:: TASK PROMPT ::
From the first line of the entries below through the line bearing "Haben Sie Tortillas", write out each line exactly. Omit pictures.

### DATA FOR THE TASK ###

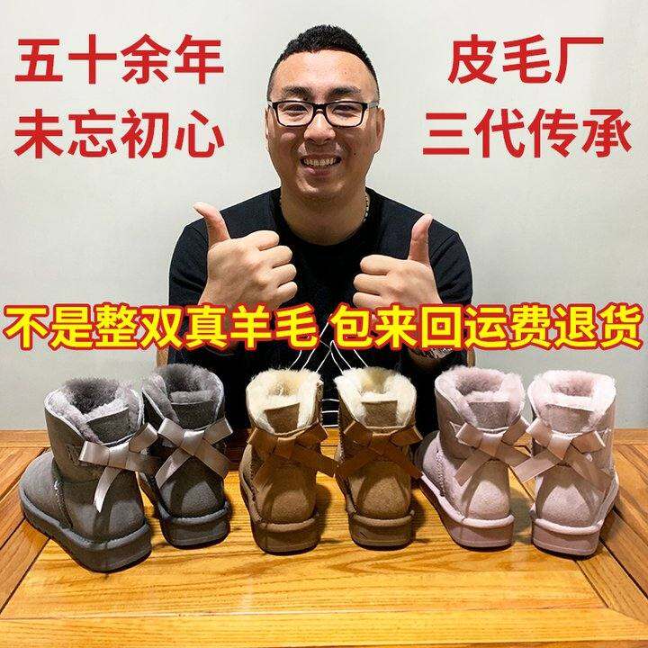 河南桑坡村雪地靴女款羊皮毛一体2024年新款加绒单丝带冬季雪地棉
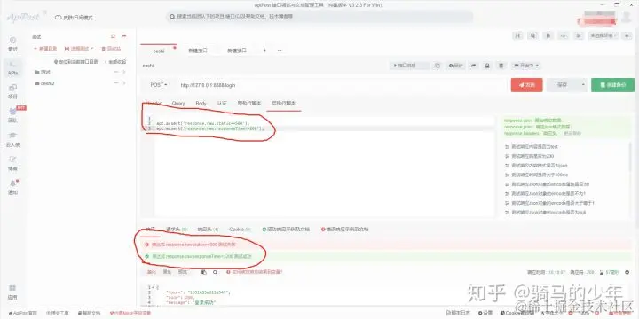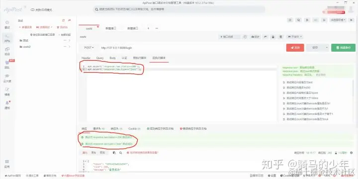因为apipost的断言是 JavaScript语言编写的,所以我们可以自定义断言。
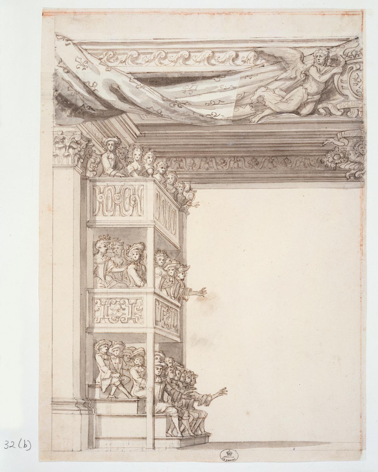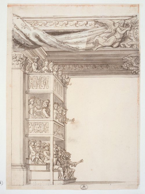 2. Morceaux choisis : quelques œuvres-phares de l’exposition librement commentées Muse Baroque : Et maintenant, parlez-nous de vos "coups de cœur... Pourquoi les loges du Palais Royal ? CAT n°37. Dessin de Pierre-Paul Sevin représentant des spectateurs installés sur trois niveaux dans des loges construites sur la scène du théâtre du Palais Royal à Paris. Une retombe (morceau de papier amovible) montre qu'au-dessus du soleil flanqué de cornes d'abondance, un rideau couvert de fleurs de lys, orné de deux génies portant les armes royales, dominait l'espace où paraissaient les artistes, et donnait plus de solennité au lieu de représentations.
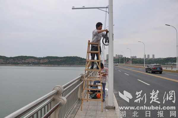 施工人員正在鄖陽漢江大橋安裝人臉識(shí)別系統(tǒng),2100米長的漢江大橋?qū)惭b167套防溺水防輕生監(jiān)控系統(tǒng),并實(shí)現(xiàn)云聯(lián)網(wǎng)。通訊員 王濤 攝
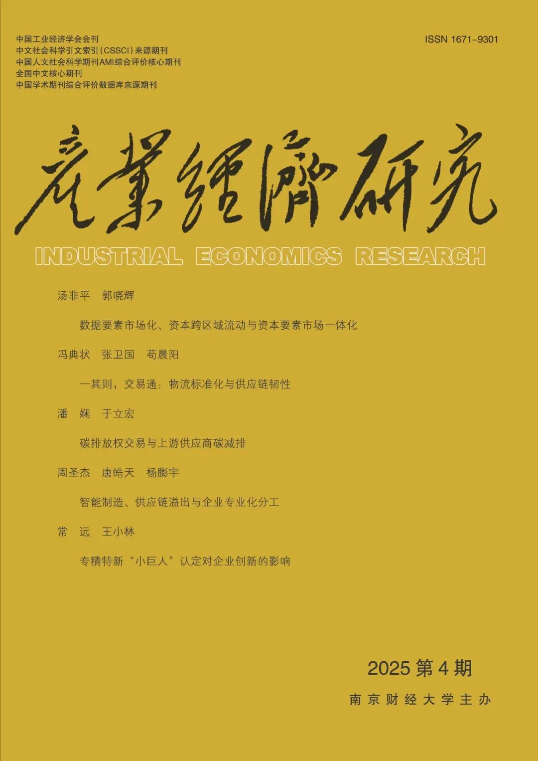 摘要:智能制造作为高阶制造业态和新型生产方式,已成为推动分工深化进而实现经济高质量发展的重要抓手。将我国智能制造试点示范项目的推广视为一项准自然实验,采用交叠双重差分法揭示生产端智能制造对下游企业专业化分工的溢出效应。研究发现,生产端开展智能制造显著提升了下游企业的专业化分工水平。机制分析表明,智能制造作为一种新型生产模式,通过改善供应链企业间的结构协同程度和削减下游企业的外部交易成本,深化了下游企业专业化分工。异质性分析表明,智能制造的供应链溢出效应在信息不对称程度更高和关系更松散的供应链以及代理成本更高的下游企业中更为显著。进一步研究发现,上游智能化生产驱动的分工深化可有效转化为企业生产效率的提升。研究提供了生产端智能制造通过供应链网络重塑产业分工格局的微观证据,并为智能化政策的协同优化设计提供了理论依据与实践启示。
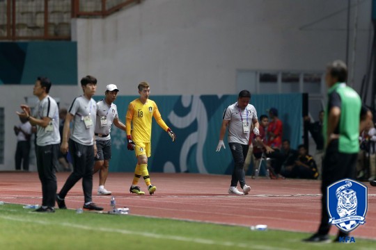 8강 진출에 성공했지만 김학범 감독 머리는 복잡하다. 2018 국제축구연맹(FIFA) 러시아 월드컵과 아시아게임에서 안정적인 선방을 보인 조현우가 쓰러졌다. 조현우는 후반 8분 중거리 슈팅 선방 후 착지 과정에서 통증을 느꼈고, 벤치에 교체 신호를 보냈다.
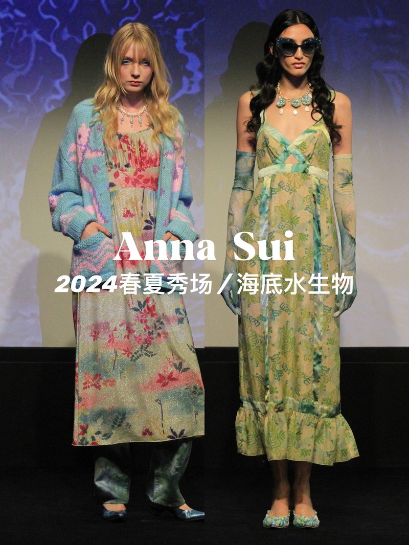 Anna Sui 2024春夏系列 海洋生物主题纺织品图案和面料设计
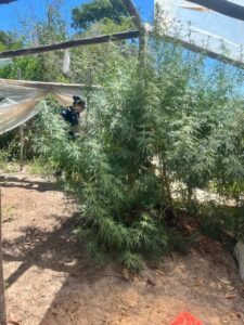 Primeramente irrumpieron en una casa donde hallaron dos plantas de cannabis sativa en planteros, en tanto que la pesquisa policial condujo a ubicar otros dos lugares con más vegetales de similares características.
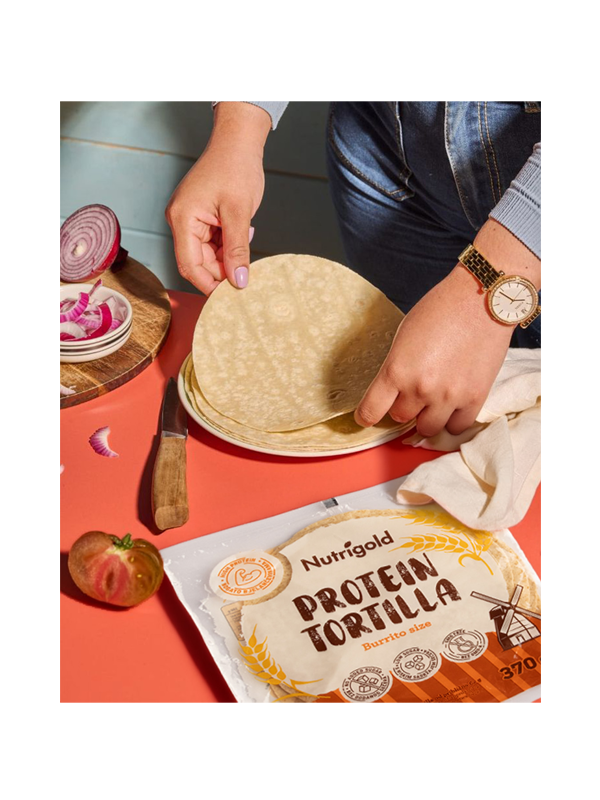 Haben Sie Tortillas immer nur als einfache Basis zum Füllen verwendet? Dann ist es Zeit, in Ihrer Küche Platz für ein neues Top-Produkt zu schaffen: die Nutrigold Protein-Tortilla. Saftig, weich und elastisch, genau wie sie sein soll: Die Burrito-Size Tortilla vereint vollen Geschmack mit optimalem Nährwert und ist damit der ideale Begleiter für alle, die einen aktiven Lebensstil pflegen!
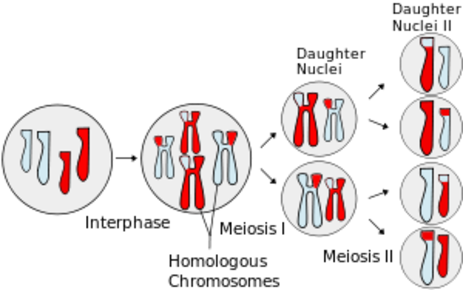 | What is the first stage of meiosis? | The cell duplicates its DNA- one arm of each chromosome is an exact copy |

###

:: EXERCISE ANSWER ::
 河南桑坡村雪地靴女款羊皮毛一体2024年新款加绒单丝带冬季雪地棉
因为apipost的断言是 JavaScript语言编写的,所以我们可以自定义断言。
 2. Morceaux choisis : quelques œuvres-phares de l’exposition librement commentées Muse Baroque : Et maintenant, parlez-nous de vos "coups de cœur... Pourquoi les loges du Palais Royal ? CAT n°37. Dessin de Pierre-Paul Sevin représentant des spectateurs installés sur trois niveaux dans des loges construites sur la scène du théâtre du Palais Royal à Paris. Une retombe (morceau de papier amovible) montre qu'au-dessus du soleil flanqué de cornes d'abondance, un rideau couvert de fleurs de lys, orné de deux génies portant les armes royales, dominait l'espace où paraissaient les artistes, et donnait plus de solennité au lieu de représentations.
 施工人員正在鄖陽漢江大橋安裝人臉識(shí)別系統(tǒng),2100米長的漢江大橋?qū)惭b167套防溺水防輕生監(jiān)控系統(tǒng),并實(shí)現(xiàn)云聯(lián)網(wǎng)。通訊員 王濤 攝
 摘要:智能制造作为高阶制造业态和新型生产方式,已成为推动分工深化进而实现经济高质量发展的重要抓手。将我国智能制造试点示范项目的推广视为一项准自然实验,采用交叠双重差分法揭示生产端智能制造对下游企业专业化分工的溢出效应。研究发现,生产端开展智能制造显著提升了下游企业的专业化分工水平。机制分析表明,智能制造作为一种新型生产模式,通过改善供应链企业间的结构协同程度和削减下游企业的外部交易成本,深化了下游企业专业化分工。异质性分析表明,智能制造的供应链溢出效应在信息不对称程度更高和关系更松散的供应链以及代理成本更高的下游企业中更为显著。进一步研究发现,上游智能化生产驱动的分工深化可有效转化为企业生产效率的提升。研究提供了生产端智能制造通过供应链网络重塑产业分工格局的微观证据,并为智能化政策的协同优化设计提供了理论依据与实践启示。
 8강 진출에 성공했지만 김학범 감독 머리는 복잡하다. 2018 국제축구연맹(FIFA) 러시아 월드컵과 아시아게임에서 안정적인 선방을 보인 조현우가 쓰러졌다. 조현우는 후반 8분 중거리 슈팅 선방 후 착지 과정에서 통증을 느꼈고, 벤치에 교체 신호를 보냈다.
 Anna Sui 2024春夏系列 海洋生物主题纺织品图案和面料设计
 Primeramente irrumpieron en una casa donde hallaron dos plantas de cannabis sativa en planteros, en tanto que la pesquisa policial condujo a ubicar otros dos lugares con más vegetales de similares características.
 Haben Sie Tortillas immer nur als einfache Basis zum Füllen verwendet? Dann ist es Zeit, in Ihrer Küche Platz für ein neues Top-Produkt zu schaffen: die Nutrigold Protein-Tortilla. Saftig, weich und elastisch, genau wie sie sein soll: Die Burrito-Size Tortilla vereint vollen Geschmack mit optimalem Nährwert und ist damit der ideale Begleiter für alle, die einen aktiven Lebensstil pflegen!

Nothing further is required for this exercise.